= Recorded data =
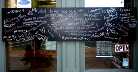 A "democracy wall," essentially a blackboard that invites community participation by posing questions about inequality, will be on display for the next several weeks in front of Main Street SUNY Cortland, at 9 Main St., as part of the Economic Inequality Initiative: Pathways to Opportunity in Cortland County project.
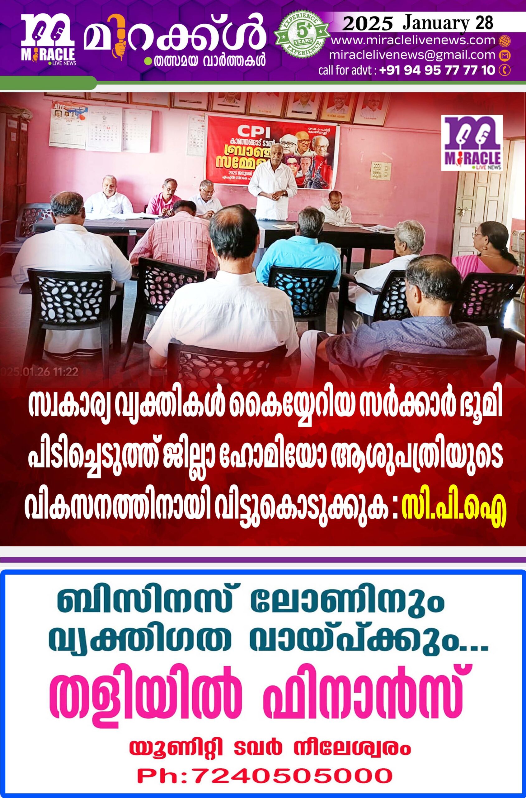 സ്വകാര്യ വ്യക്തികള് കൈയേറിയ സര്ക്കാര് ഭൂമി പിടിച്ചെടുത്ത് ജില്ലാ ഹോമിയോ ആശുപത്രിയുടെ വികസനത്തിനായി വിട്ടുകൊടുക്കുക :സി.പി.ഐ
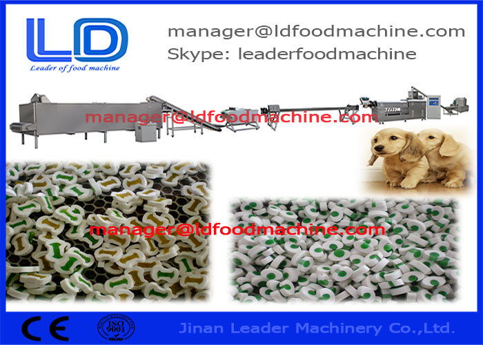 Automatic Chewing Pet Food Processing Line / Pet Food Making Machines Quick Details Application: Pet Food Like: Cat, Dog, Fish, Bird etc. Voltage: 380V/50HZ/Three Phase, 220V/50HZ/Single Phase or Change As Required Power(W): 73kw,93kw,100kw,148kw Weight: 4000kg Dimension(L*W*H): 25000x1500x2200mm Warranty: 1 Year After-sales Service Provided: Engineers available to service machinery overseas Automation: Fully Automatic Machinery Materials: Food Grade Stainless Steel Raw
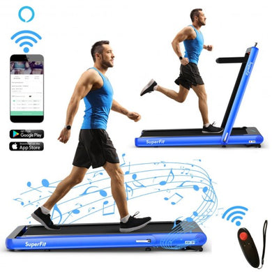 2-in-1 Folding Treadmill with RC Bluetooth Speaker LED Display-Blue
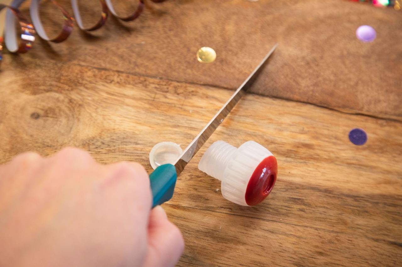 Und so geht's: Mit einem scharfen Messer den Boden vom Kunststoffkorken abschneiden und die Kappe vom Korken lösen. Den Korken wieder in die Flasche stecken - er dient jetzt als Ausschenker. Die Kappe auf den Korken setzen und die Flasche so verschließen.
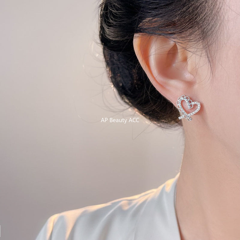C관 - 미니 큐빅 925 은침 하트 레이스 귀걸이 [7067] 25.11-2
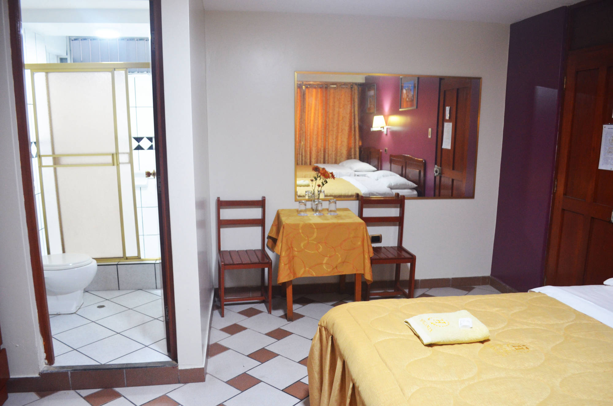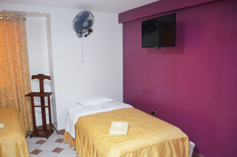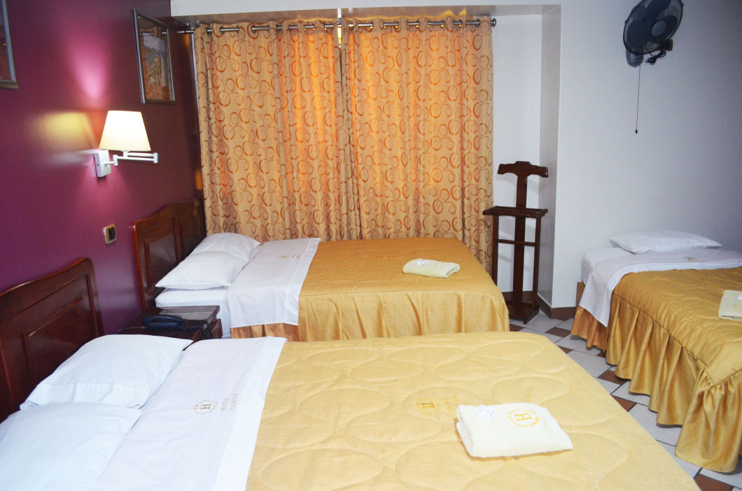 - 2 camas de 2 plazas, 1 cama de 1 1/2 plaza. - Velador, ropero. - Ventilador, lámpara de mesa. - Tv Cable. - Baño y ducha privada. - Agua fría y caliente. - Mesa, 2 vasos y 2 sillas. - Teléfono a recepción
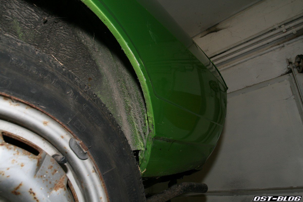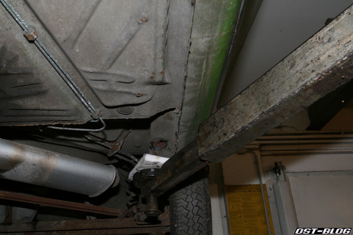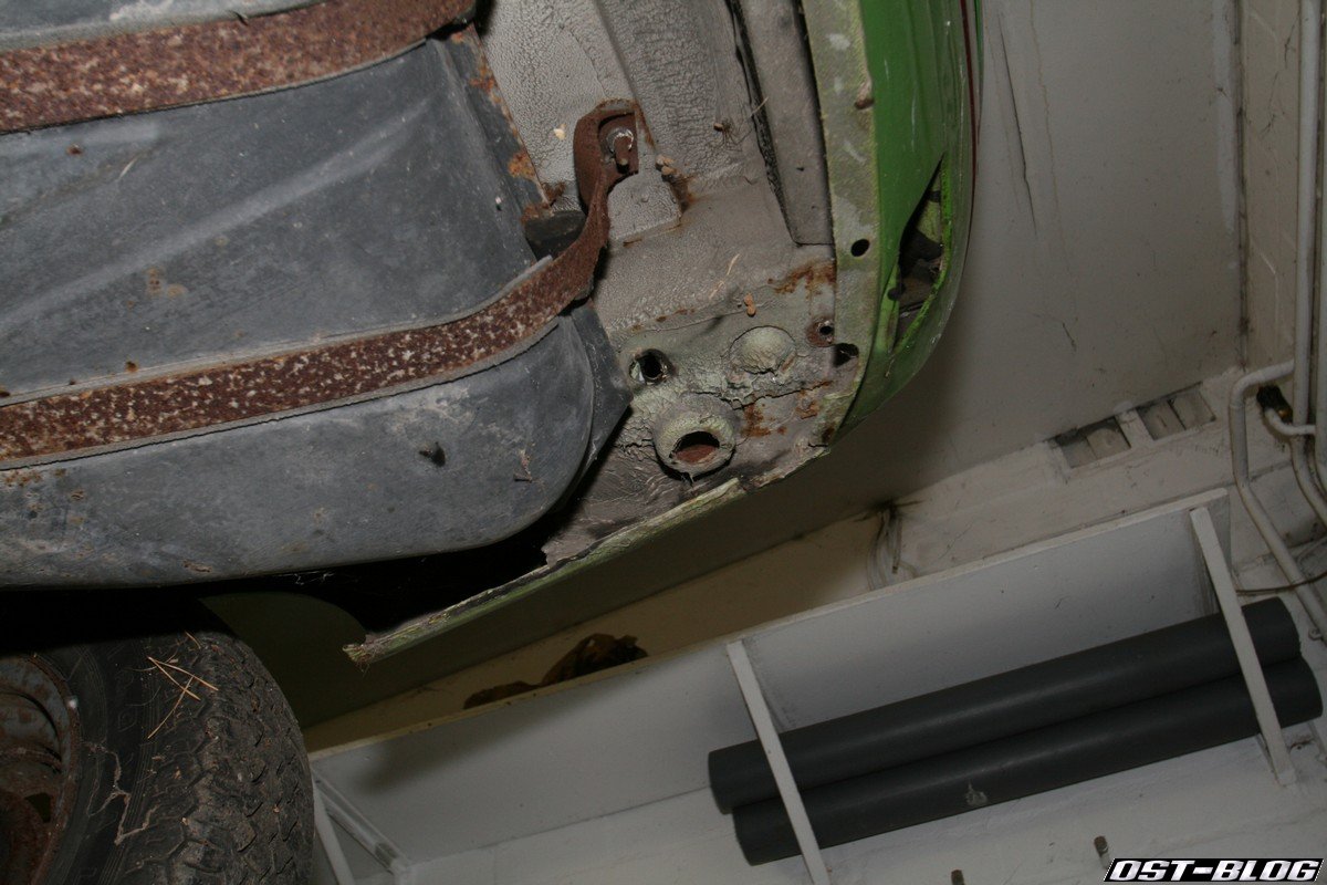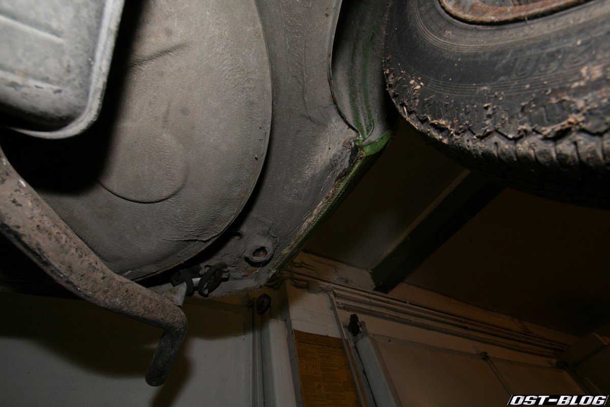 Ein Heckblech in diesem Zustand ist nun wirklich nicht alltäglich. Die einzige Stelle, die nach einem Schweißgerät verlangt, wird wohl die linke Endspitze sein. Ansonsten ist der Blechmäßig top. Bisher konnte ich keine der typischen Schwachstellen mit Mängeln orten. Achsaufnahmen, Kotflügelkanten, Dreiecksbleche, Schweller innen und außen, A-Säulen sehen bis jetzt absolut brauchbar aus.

= What the exercise asks =
Retype each entry exactly as it appears, excluding any image.

= Answer for the task =
 A "democracy wall," essentially a blackboard that invites community participation by posing questions about inequality, will be on display for the next several weeks in front of Main Street SUNY Cortland, at 9 Main St., as part of the Economic Inequality Initiative: Pathways to Opportunity in Cortland County project.
 സ്വകാര്യ വ്യക്തികള് കൈയേറിയ സര്ക്കാര് ഭൂമി പിടിച്ചെടുത്ത് ജില്ലാ ഹോമിയോ ആശുപത്രിയുടെ വികസനത്തിനായി വിട്ടുകൊടുക്കുക :സി.പി.ഐ
 Automatic Chewing Pet Food Processing Line / Pet Food Making Machines Quick Details Application: Pet Food Like: Cat, Dog, Fish, Bird etc. Voltage: 380V/50HZ/Three Phase, 220V/50HZ/Single Phase or Change As Required Power(W): 73kw,93kw,100kw,148kw Weight: 4000kg Dimension(L*W*H): 25000x1500x2200mm Warranty: 1 Year After-sales Service Provided: Engineers available to service machinery overseas Automation: Fully Automatic Machinery Materials: Food Grade Stainless Steel Raw
 2-in-1 Folding Treadmill with RC Bluetooth Speaker LED Display-Blue
 Und so geht's: Mit einem scharfen Messer den Boden vom Kunststoffkorken abschneiden und die Kappe vom Korken lösen. Den Korken wieder in die Flasche stecken - er dient jetzt als Ausschenker. Die Kappe auf den Korken setzen und die Flasche so verschließen.
C관 - 미니 큐빅 925 은침 하트 레이스 귀걸이 [7067] 25.11-2
 - 2 camas de 2 plazas, 1 cama de 1 1/2 plaza. - Velador, ropero. - Ventilador, lámpara de mesa. - Tv Cable. - Baño y ducha privada. - Agua fría y caliente. - Mesa, 2 vasos y 2 sillas. - Teléfono a recepción
 Ein Heckblech in diesem Zustand ist nun wirklich nicht alltäglich. Die einzige Stelle, die nach einem Schweißgerät verlangt, wird wohl die linke Endspitze sein. Ansonsten ist der Blechmäßig top. Bisher konnte ich keine der typischen Schwachstellen mit Mängeln orten. Achsaufnahmen, Kotflügelkanten, Dreiecksbleche, Schweller innen und außen, A-Säulen sehen bis jetzt absolut brauchbar aus.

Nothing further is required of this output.